Corporations like to whine about how much they pay in taxes. It is the motivation behind companies like Burger King racing across the Canadian border to devour Tim Horton's just so that BK can wear the butchered pelt and pretend to be a Canadian corporation now, thus qualifying to pay less in taxes.

Well I can't spend millions on tax lawyers and avoidance schemes. I am a union STEM worker who makes more than most hourly workers in the US, to the point where my gross income would cross into the 15% bracket with room to spare. My house is paid off, so there is no mortgage deduction. I have only my wife and myself as dependants. We have few write-offs, so I end up taking the Standard Deduction. We are under 65, and are not blind or disabled. AND - I live in California, a state which right-wingers denounce as a high-tax state.

So what percentage did I end up paying on my income to the IRS and California's Franchise Tax Board?

10.87%. Total. Combined.

If I could afford the kind of tax lawyers a company like Pfizer can afford, I'm sure I could lower this even more, and not have to run off to become a citizen of Ireland or something. And if the US Military went back to exclusively defending the US of A instead of making the world safe for profitable multinational exploitation, I'm real certain that my taxes would go down a significant amount.

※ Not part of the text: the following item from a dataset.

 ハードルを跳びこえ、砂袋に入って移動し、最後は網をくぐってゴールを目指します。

So when you hear some other company whining about how much they pay in taxes, just tell the crybaby greedheads to STFU. They don't give a damn how you make it under our tax system, and you don't have a visible fraction of the assets available to them for which they don't pay much: such as our power grid, our roads, our police and fire services, and so very much more. Thy don't have to worry about their cargo planes under MANPAD attacks as they take off, nor their container ships being held for ransom by maritime pirates lurking outside New York Harbor. Their executives don't need armored divisions to cover them while they play golf, and no worries about minefields on the fairways or ambushes in the sandtraps.

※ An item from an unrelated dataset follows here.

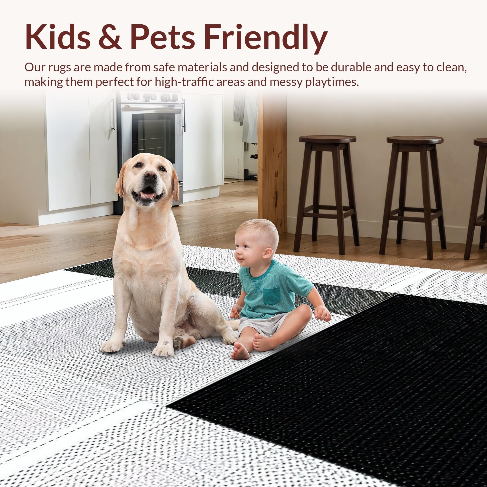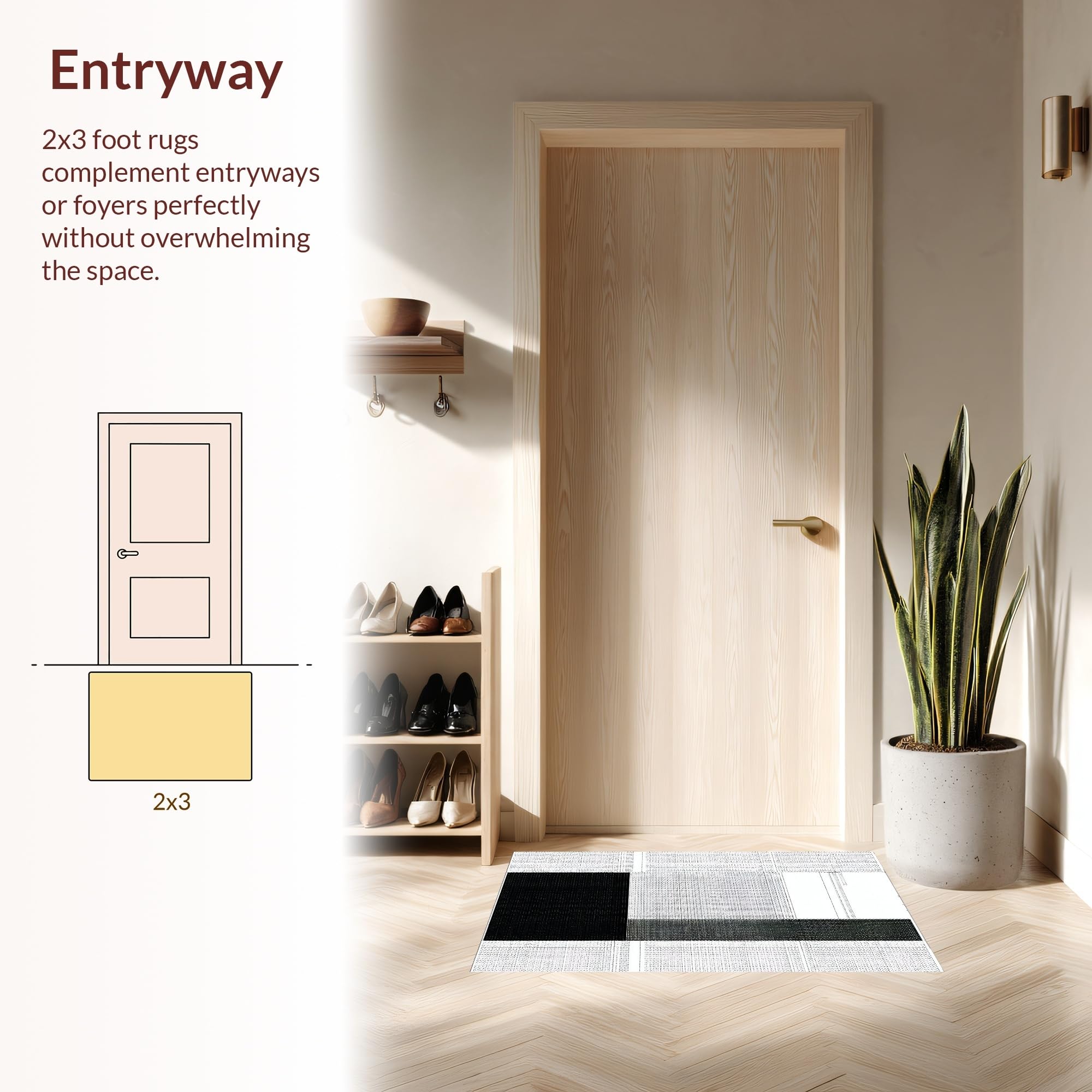 Ultra Soft Area Rug, Non Slip, Stain Resistant, Washable Area Rugs for Living Room, Bedroom, Elegant Subtle Textured Circular Design(Black) Overview:

This and so very much more is what their tax dollars would go for IF THEY PAID THEM. Twenty-six US corporations paid no income taxes in 2012, a number which slightly increased in 2015. I paid more in income taxes than ALL of these companies - both years!

This is but part of the reason the US has such incredible income disparity and makes it possible for the greedheads to buy our government out from under us. There is only one candidate who is pledged to do something about that, and we need to get him elected and give him a majority sufficient to make some changes. Or else, before too much longer, SCOTUS will rule that your employer can own you as long as they pay you - and you can't quit if you don't like that.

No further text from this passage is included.